= Anne Balfour-Fraser =

British film producer

Anne Balfour-Fraser (10 August 1923 – 26 July 2016) was a British film producer who specialised in documentaries.

==Early life==
Born Anne Balfour in Woking, Surrey, Balfour-Fraser's grandfather was Conservative politician Gerald Balfour, eventual Earl of Balfour, and her great-uncle Conservative Prime Minister Arthur Balfour. Her grandmother Betty Balfour (Bulwer-Lytton) and great-aunt Lady Constance Bulwer-Lytton were prominent suffragists, with Lytton going to prison several times for her activism.

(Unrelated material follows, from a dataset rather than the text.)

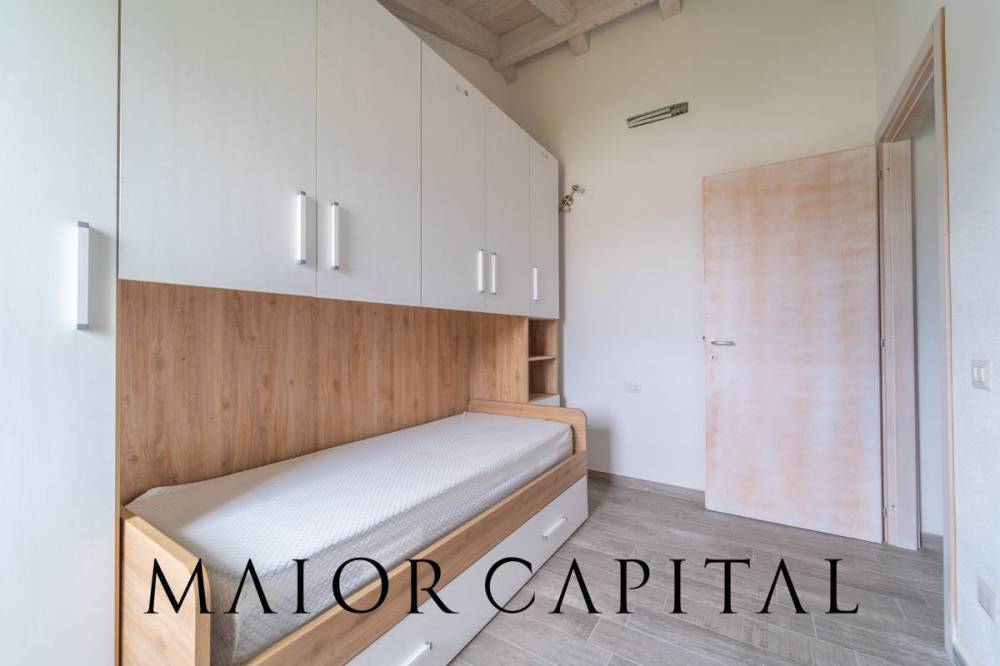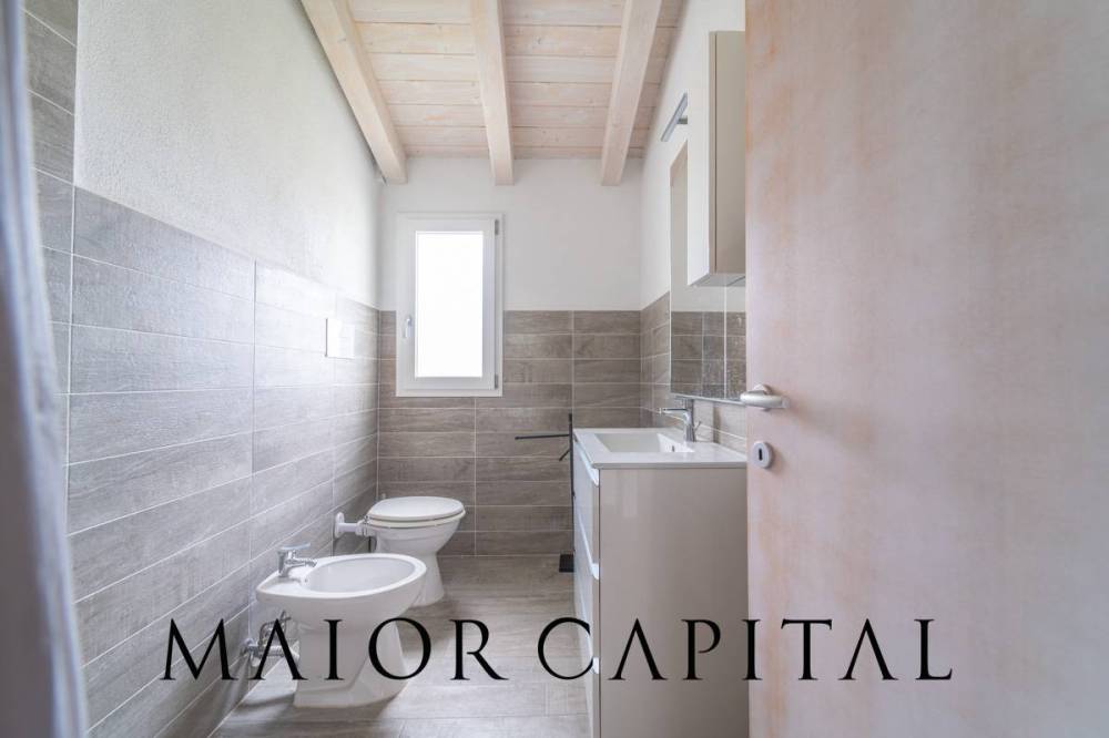 Laccesso allappartamento avviene tramite una comoda veranda coperta e vivibile, ideale per pranzi allaperto o momenti di relax. Gli interni, moderni e ben curati, si aprono su un luminoso soggiorno con angolo cottura, valorizzato da soffitti con travi a vista dai toni chiari, che donano freschezza e accoglienza allambiente. La zona notte comprende due camere da letto, una matrimoniale e una singola, facilmente adattabile anche a doppia con letto a cassettone o a castello. Completa il piano un bagno finestrato con doccia, funzionale e ben rifinito.
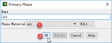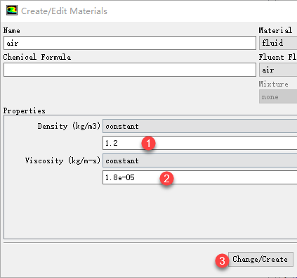 设置Air的属性,设置Density为1.2,粘度为1.8e-5

Balfour-Fraser grew up at her family's home, Balbirnie, near Markinch, Fife, and studied at St Leonards school, St Andrews.

==Career==
===World War II===
During the second world war, Balfour-Fraser worked in a factory laboratory analyzing aluminum to repair aircraft. Balfour-Fraser's mother, Ruth Balfour, had been one of the first women to study at Cambridge and had worked as a doctor during World War II.

===Music===
As a child, Balfour-Fraser learned the flute, then studied singing at the Royal Academy of Music, London, eventually performing at La Scala in Milan.

===Film===
Balfour-Fraser formed a film production company called Inca, shortened form of Independent Cine Art.

She earned Academy Award and BAFTA nominations for the films she produced.